Un périmètre semblable à celui négocié avec ProQuest dans le cadre des licences nationales pour Early English Books Online (tous les établissements publics français ayant des missions d'enseignement supérieur et/ou de recherche, les établissements d'enseignement supérieur privés, les bibliothèques publiques, les bibliothèques du réseau culturel français à l'étranger) aurait dû pouvoir être défendu ; il laissait l'opportunité à ProQuest de commercialiser les œuvres numérisées auprès d'organismes privés français et à l'étranger, au lieu qu'on attend, avec le partenariat signé, que les bibliothèques françaises, universitaires et de lecture publique, permettent à ProQuest, par leurs abonnements, de rentrer dans ses fonds.

Or cette éventualité est improbable au vu du contexte budgétaire actuel et de l'inflation des coûts de la documentation électronique commerciale, et par ailleurs, déséquilibrerait résolument le PPP concerné en accroissant encore la part publique de son financement. Les chercheurs français intéressés par ces fonds devront donc pendant 10 ans continuer à se rendre à la BnF, sans pouvoir disposer d'une copie numérique de travail du fait des clauses d'exclusivité.

 

De même, sur la question de Believe, et la numérisation des enregistrements, l'ADBU évoque, à raison, le mutisme et l'opacité de la communication par le ministère dfe la Culture.
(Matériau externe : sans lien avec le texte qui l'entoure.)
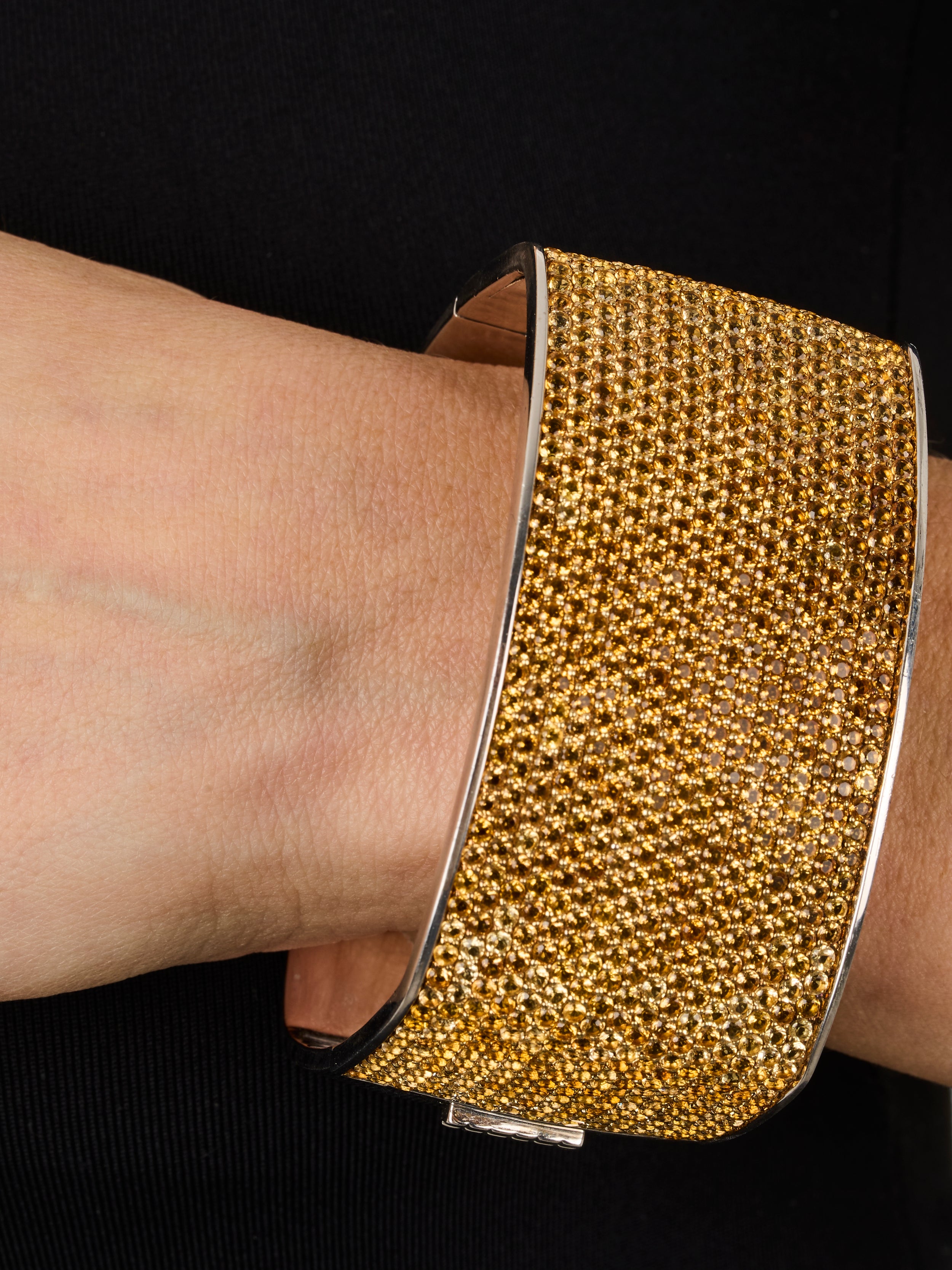 1qty NEW / Argent Rhodié Bracelet rigide sur argent rhodié serti de taille brillant citrine 29 // RECO : 1950€

Un flou artistique qui rappelle celui, très désagréable, que l'on avait connu autour des accords entre Google et la bibliothèque municipale de Lyon. 

 

Sur le plan déontologique, l'ADBU condamne fermement ces accords, qui, s'ils n'apparaissent pas, commercialement, aussi scandaleux que les dispositions portant sur la numérisation des œuvres indisponibles, entravent, même temporairement, la libre circulation sur les réseaux d'œuvres du domaine public, et nuisent à la diffusion de l'information et de la culture, qui sont l'ADN des bibliothèques publiques, et la base de la recherche.
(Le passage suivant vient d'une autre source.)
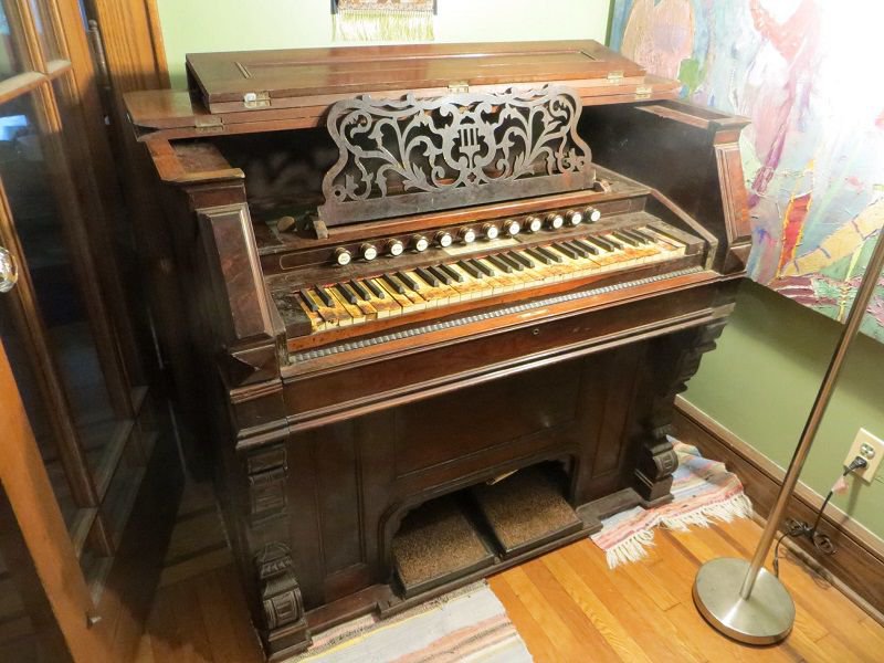 Located in New Jersey. Bass/treble break at keys 29/30.The instrument is currently unplayable as the winding system is mostly missing. Estimating bass/treble break from arrangement of reeds under the keyboard. Unable to give pitch levels of stops. Will update this entry once I restore this to playable condition.

Ainsi que l'a maintes fois rappelé Robert Darnton, historien du livre et directeur de la bibliothèque universitaire d'Harvard, l'acquisition et la conservation sur plusieurs siècles de documents de toute sorte constituent pour la communauté un investissement financier tel qu'il justifie un financement public de la numérisation, marginal au regard des coûts antérieurement supportés au nom d'idéaux qui restent plus que jamais d'actualité.

 

Et de réclamer dans les meilleurs délais que la BnF, autant que le ministère de la Culture, fasse le jour sur ces accords : 

  • la publication immédiate des contrats de partenariat concernés. À défaut, la CADA sera saisie ;
  • que soit mis fin à la cure d'austérité subie depuis plus de 5 ans par la BnF, au point que sont aujourd'hui menacées ses missions de service public à destination du monde de l'enseignement supérieur et de la recherche : arrêt programmé de la redistribution du 2ème exemplaire du dépôt légal éditeur, sans mesures compensatoires pour le réseau des bibliothèques concernées ;
  • que les questions relatives au droit de la propriété intellectuelle, que ce soit dans le  domaine analogique ou numérique, fasse l'objet d'un pilotage interministériel, notamment entre Ministère de l'Enseignement supérieur et de la Recherche et Ministère de la Culture et de la Communication, ce dernier ayant abandonné toute ambition en termes de lecture publique, au profit d'une seule politique de soutien à l'édition, trop souvent défavorable au monde de la recherche et à la libre diffusion des connaissances ;
  • que soit rapidement mis en place un comité de réflexion visant à brève échéance une remise à plat des modalités de financement de la numérisation des œuvres du domaine public.

 

ActuaLitté a déjà formulé une demande officielle à la BnF pour obtenir les contrats et accords en question.